Now you lower your weapon and really look at her.  Gregory never brings _anyone_ back to base, especially not _friends_.  Though you are reluctant to relent--as there are many reasons she could know of Gregory--the story stacks up.  He had been leaving to tend to a female friend, and...that fire in her stare is sharp.  So, slowly, you break into a large smile, which you are certain makes you appear insane.

“Ah, _oui_.  You are his _friend_.”  You grab her hand to shake it.  It’s oddly calloused, for being so small.  “I am Christophe.  For the record, I am not sorry for almost braining you with my shovel. I was not expecting company. That asshole Gregory did not give me advanced notice.”

“A misunderstanding,” she smiles dismissively.  “Wendy Testaburger.  I’m sure it’s a pleasure to meet you—murder attempt notwithstanding, Christophe.”

She releases your hand, and you use it scratch the back of your neck.

“If I may ask,” you study her serious expression—this girl looks like she has never heard a joke in her life, “did ‘e ‘appen tell you _why_ ‘e brought you ‘ere?”  
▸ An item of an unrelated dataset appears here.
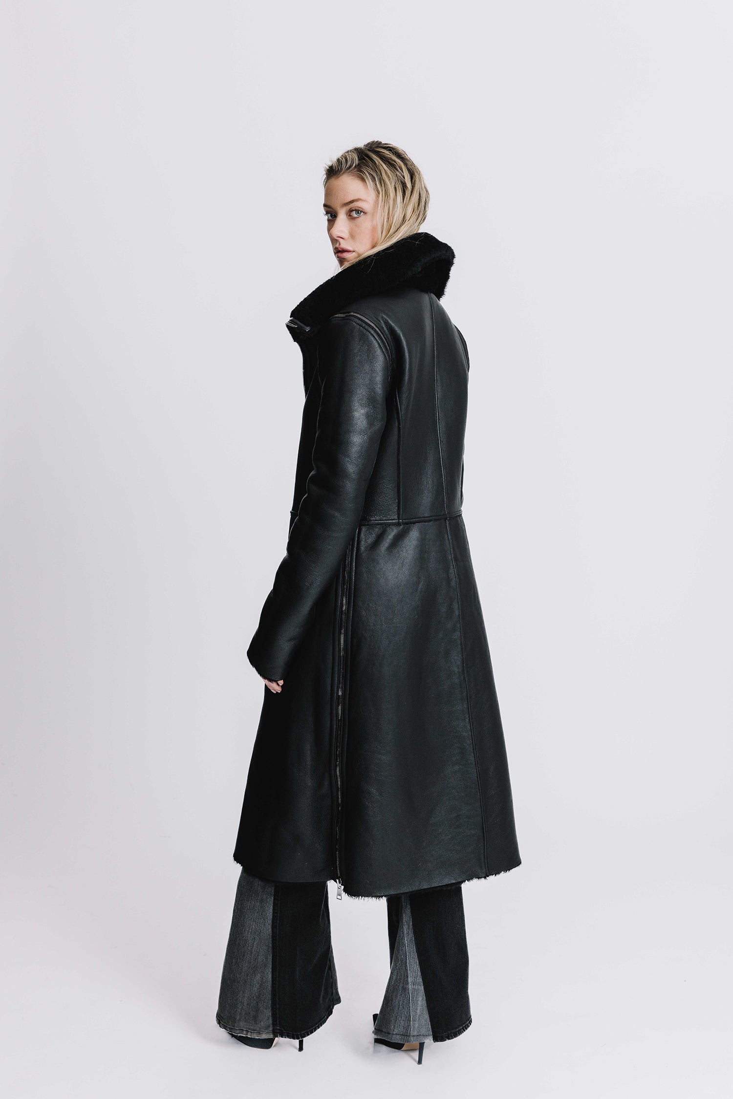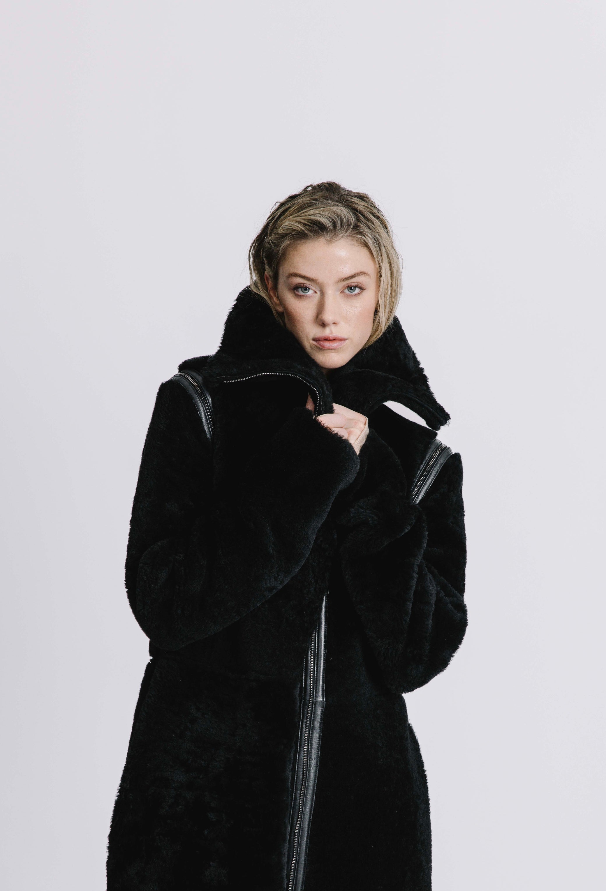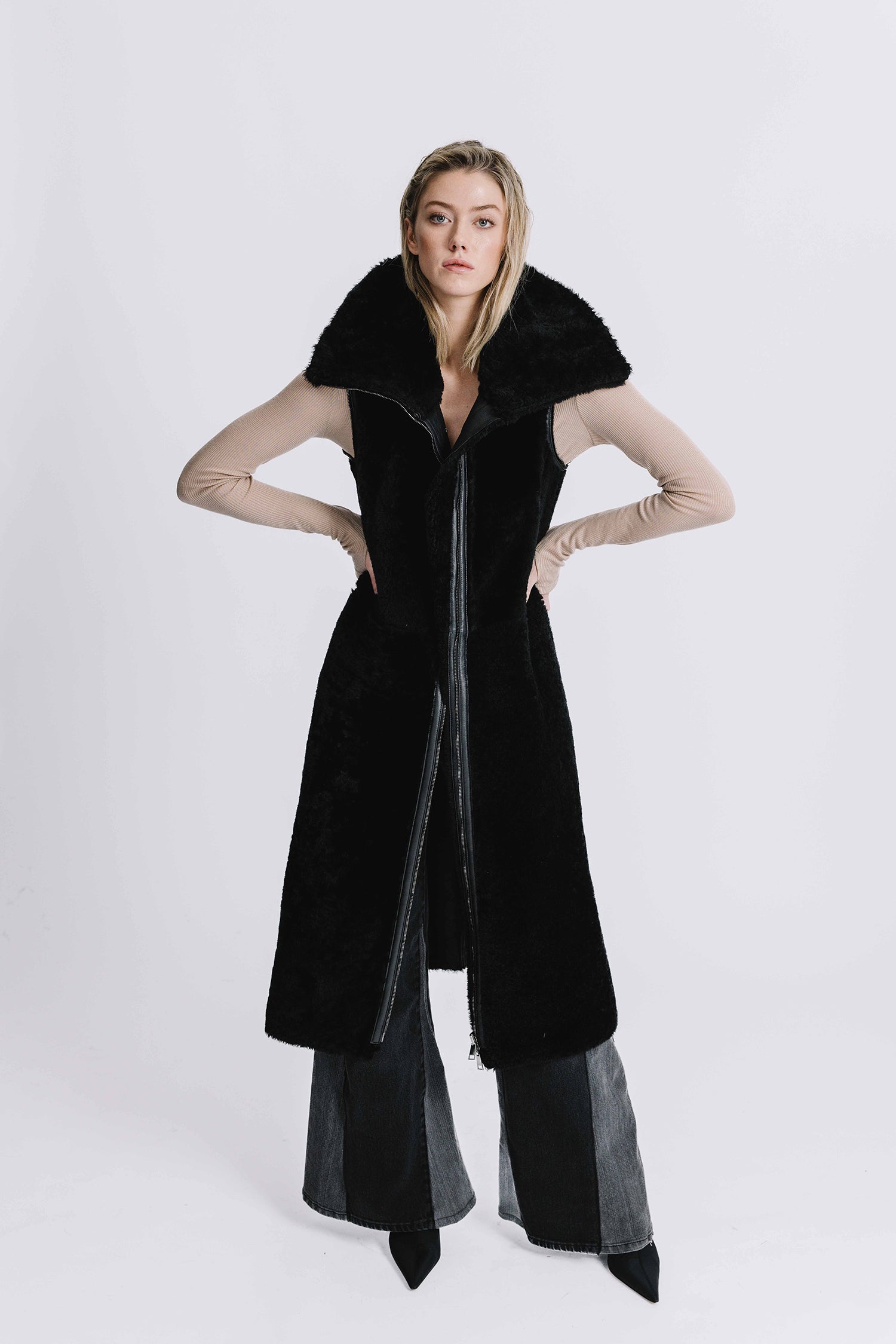 Crafted from 100% soft, luxe shearling, this statement coat offers both warmth and versatility. Designed with zip-off sleeves for effortless transformation, it can be worn long or as a vest. The fully reversible construction reveals a sleek, finished leather side, giving you two looks in one - plush texture or polished edge. Finished with a full front zip and an elongated silhouette, this piece embodies timeless luxury and modern functionality.

It certainly wasn’t to meet _you_.  If that were the case, he might’ve given you a little bit of warning first.  So that possibly, you wouldn’t make your first impression on Gregory’s new girlfriend in the side of her _head_ with a metal shovel-blade.

“Orientation,” she answers promptly, to your utter bewilderment.  You have no idea what she’s talking about now.  “Gregory and I are about to embark on some great undertakings together.”

The way she says that—solemn eyes filled with determination and a very familiar fervor of idealistic passion—lets you know beyond a reasonable doubt that Gregory wasn’t lying before.  There is no way Wendy is talking about romance.

All you can think is what a _stupid_ person Gregory is.  The first pretty girl he brings back to base is here for work.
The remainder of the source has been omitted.